## [Task instructions]
Copy out the data exactly, leaving the pictures behind.

(Beginning of Exercise input)

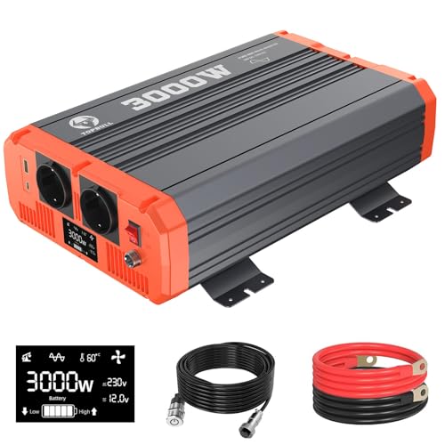 FLAMEZUM 3000W Ren Sinus Spänningsomvandlare 12V Till 230V Power Inverterare Med Fjärrkontroll LED-display och 2 EU AC-uttag Och 2 USB-port För Bil, Husvagn, Båt, Camping
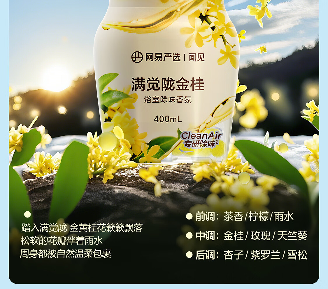 网易严选浴室除味香氛爆香瓶 空气清新剂卫生间厕所专用香薰室内除臭持久
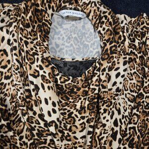 This Peter Nygard Leopard print Cowl Neck Sweater is super soft and hangs beautifully on the body. It is 93% Rayon and 7% Spandex. It is a size medium. A Black Lace center section sits beautifully in the Centre of the Cowl adding elegance. This top is incredibly comfortable and very flattering. It is 27 inches long. Machine wash gentle cycle in cold water and lay flat to dry.
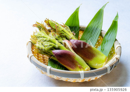 白バックで扇形のざるに並べたタラの芽
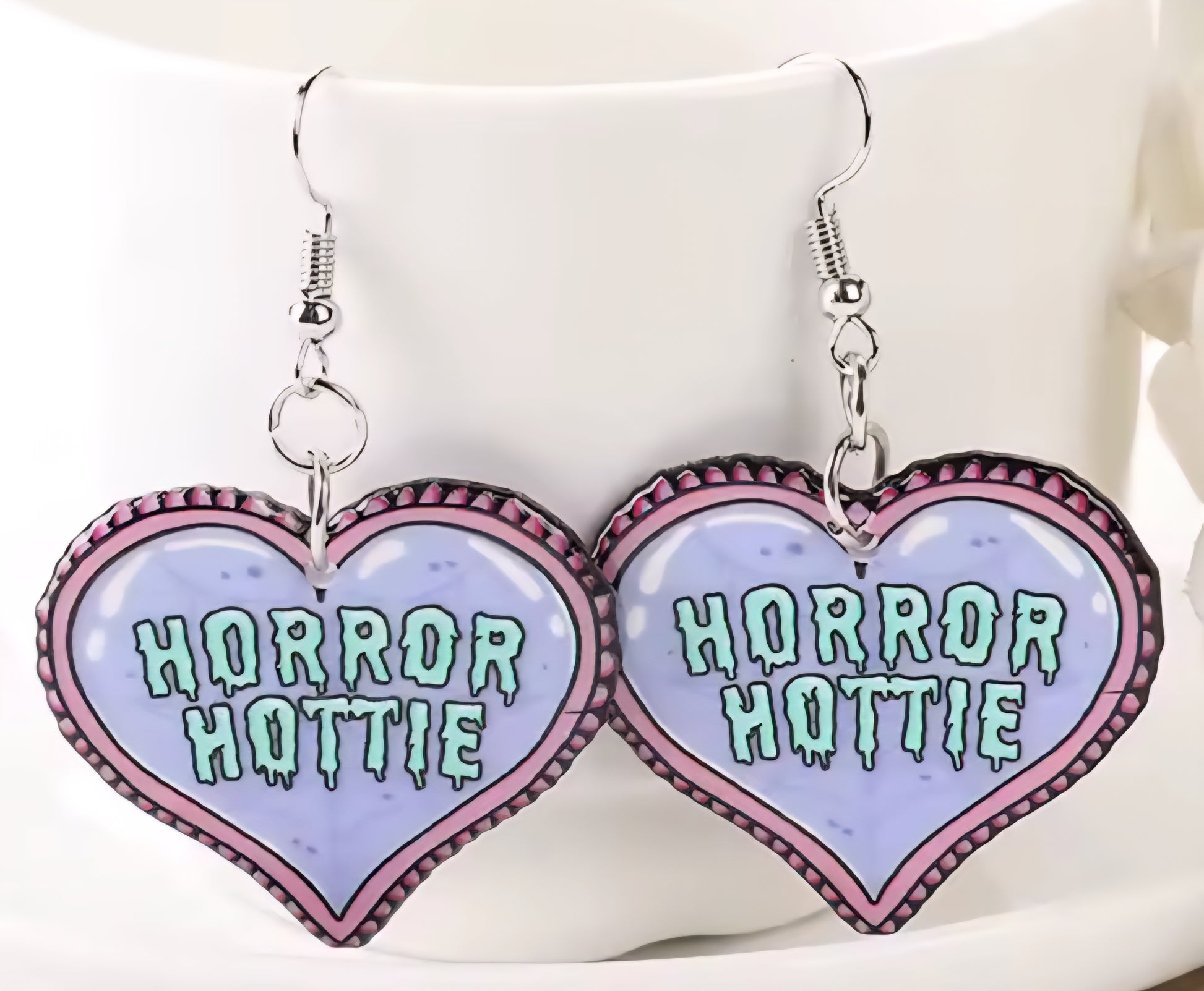 PREORDER Halloween Horror Hottie Heart Acrylic Dangle Earrings

(End of Exercise input)

## [Exercise output]
 FLAMEZUM 3000W Ren Sinus Spänningsomvandlare 12V Till 230V Power Inverterare Med Fjärrkontroll LED-display och 2 EU AC-uttag Och 2 USB-port För Bil, Husvagn, Båt, Camping
 网易严选浴室除味香氛爆香瓶 空气清新剂卫生间厕所专用香薰室内除臭持久
 This Peter Nygard Leopard print Cowl Neck Sweater is super soft and hangs beautifully on the body. It is 93% Rayon and 7% Spandex. It is a size medium. A Black Lace center section sits beautifully in the Centre of the Cowl adding elegance. This top is incredibly comfortable and very flattering. It is 27 inches long. Machine wash gentle cycle in cold water and lay flat to dry.
 白バックで扇形のざるに並べたタラの芽
 PREORDER Halloween Horror Hottie Heart Acrylic Dangle Earrings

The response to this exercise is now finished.